🤖 AI Summary
Existing text-to-video retrieval methods predominantly rely on single-scale CLIP architectures, limiting their capacity to model multi-granularity semantics. To address this, we propose the first Mamba-driven framework for multi-scale vision-language alignment. Our approach constructs a cross-resolution feature pyramid and incorporates linear-complexity Mamba modules to enable efficient joint modeling across scales, complemented by a lightweight cross-modal contrastive learning mechanism. Crucially, we are the first to introduce state-space models—specifically Mamba—into multi-scale cross-modal alignment, overcoming the quadratic computational bottleneck inherent in Transformer-based architectures. Extensive experiments demonstrate state-of-the-art performance on MSR-VTT, MSVD, and DiDeMo. Moreover, our method achieves a 3.2× speedup in inference time and reduces parameter count by 41%, significantly enhancing fine-grained semantic matching capability.
📝 Abstract
Text-Video Retrieval (TVR) aims to align and associate relevant video content with corresponding natural language queries. Most existing TVR methods are based on large-scale pre-trained vision-language models (e.g., CLIP). However, due to the inherent plain structure of CLIP, few TVR methods explore the multi-scale representations which offer richer contextual information for a more thorough understanding. To this end, we propose MUSE, a multi-scale mamba with linear computational complexity for efficient cross-resolution modeling.
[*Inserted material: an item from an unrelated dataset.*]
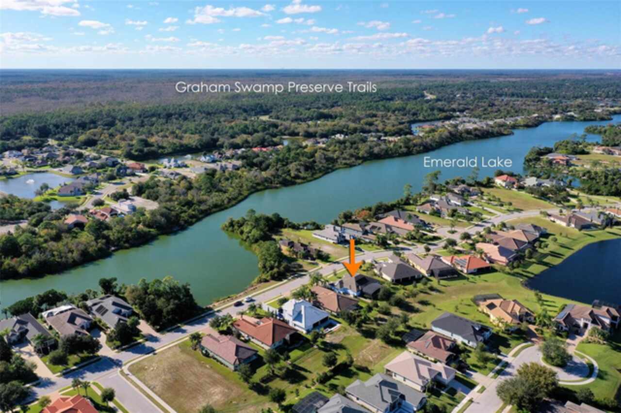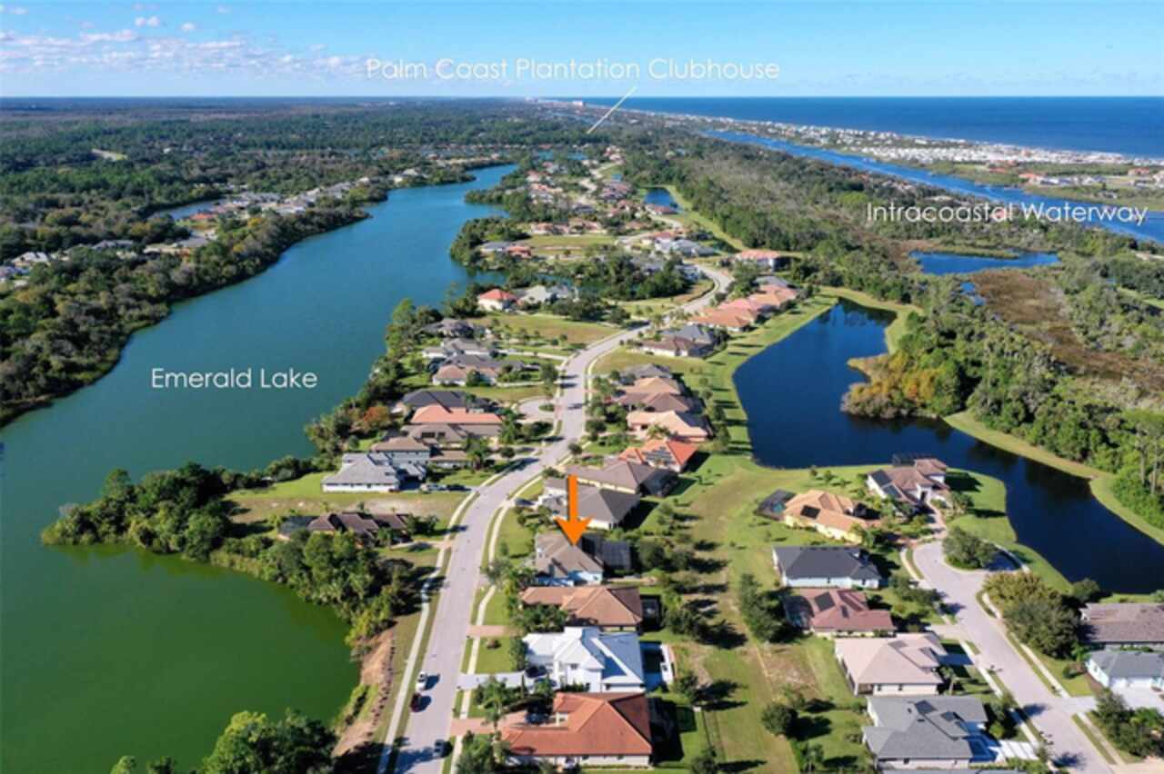 Welcome to 155 Heron Drive, a stunning custom-built, Del home that offers the perfect blend of luxury and functionality in the prestigious, gated community of Palm Coast Plantation. This spacious 2600 sqft residence features 4 bedrooms, 3 bathrooms & a 3 car garage, providing ample space for your family's needs. Out back you’ll find your own private oasis with a solar heated pool which boasts a beautiful waterfall feature, perfect for relaxing & entertaining. The fully fenced backyard offers privacy & security, while the outdoor shower allows you to rinse off after a refreshing swim. Gather around the fire pit on cool evenings & create lasting memories with loved ones. This home is designed with great attention paid to every detail concerning beauty & functionality. Featuring automatic & manual hurricane shutters as well as a full house, automatic switch on generator you’ll have peace of mind in any storm. The 3 car garage also features “magic stairs” which are stairs & a railing that come down from the fully floored attic at the push of a button. The solar hot water heater with electric backup & solar attic fan help reduce energy costs while a water softener ensures clean and pure water throughout the home. The high coffered & tray ceilings, 8 foot doors & crown molding throughout create a sophisticated atmosphere. The etched glass doors & plantation shutters bring another level of elegance to your new home, while tile floors throughout are not only beautiful but durable & easy to clean. Your new kitchen is a chef's dream, with new appliances, granite counter tops & roll-out drawers in all of the solid wood cabinets. This open concept floor plan makes this house THE house for entertaining. Outside, the concrete borders with rock fillers, & automatic landscape lighting enhance the curb appeal of this newly painted exterior, while sidewalks, streetlights, & underground utilities throughout the community give this beautiful home an even more ideal setting. Palm Coast plantation is a 4000 acre, nature based community featuring a 24 hour guarded gate, a resort style pool, spa, club house & game room all directly on Emerald Lake. The community also boasts a boat ramp, RV/boat storage, & courts for Pickle ball, Bocce ball, Basketball, Shuffleboard & Tennis. This beautiful community is close to shopping, zoned for the top rated schools in the county, and only 4 miles to Flagler county’s beautiful beaches. Don't miss the opportunity to own this exceptional property. Schedule a showing today & experience the true meaning of resort style living, at 155 Heron Drive.

Specifically, the multi-scale representations are generated by applying a feature pyramid on the last single-scale feature map. Then, we employ the Mamba structure as an efficient multi-scale learner to jointly learn scale-wise representations. Furthermore, we conduct comprehensive studies to investigate different model structures and designs. Extensive results on three popular benchmarks have validated the superiority of MUSE.